What is Future Fuels?

Future Fuels is a unique investment opportunity in the UK renewable energy sector, offering attractive returns and considerable downside risk protection. Through a UK Limited Liability Partnership, retail equity investors will be entitled to dividends and a share of sale proceeds derived from a 40% stake in the operating company, Vireol Ltd. The total LLP equity fund raise is £40m which together with limited recourse debt from senior debt providers will finance the construction of a Bioethanol facility in Grimsby over a two year period.

The LLP will have a property investment business and as such retail equity investors will be entitled to excess capital allowances proportionate, but not limited to their initial capital contribution, over the course of the investment term. In this way, LLP investors can mitigate their capital risk exposure on the investment. The investment is suitable for UK tax resident individuals and corporate investors with a minimum investment of €50,000 (or the sterling equivalent). An investment in Renewable Energy offers the opportunity to have a diversified and balanced investment portfolio using uncorrelated financial products.

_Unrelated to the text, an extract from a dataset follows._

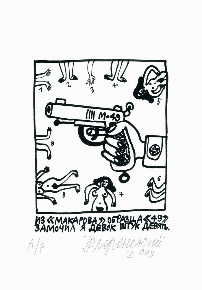 Александр Флоренский - художник, один из организаторов группы Митьки (80-е), автор иллюстраций к культовому трехтомнику Сергея Довлатова (90-е), участник проекта "Русское-Бедное" (00-е). В 2008 Александром Флоренским совместно с Дмитрием Бугаенко создана студия ручной печати Б&Ф (фото). Александр Флоренский живет и работает в СПб и Тбилиси.

Target IRR for the LLP is >30% pa over a 5-7 year investment period. Exit is anticipated to be either by way of a trade sale or IPO listing. The LLP is targeting a 30th September financial close, with various different investment options. For further details please contact Piers Denne (Head of Sales and Marketing) at Future Capital Partners on 200 7009 6680.

What will investors find particularly attractive about this opportunity?

Based on independent commodity price forecasts, the project has the potential to make attractive commercial returns for equity investors. It is expected that EU mandated blending requirements will create a structurally short ethanol market from 2013 onwards and once built the 200m litre facility will represent c.20% of the UK's renewable transport fuel requirement.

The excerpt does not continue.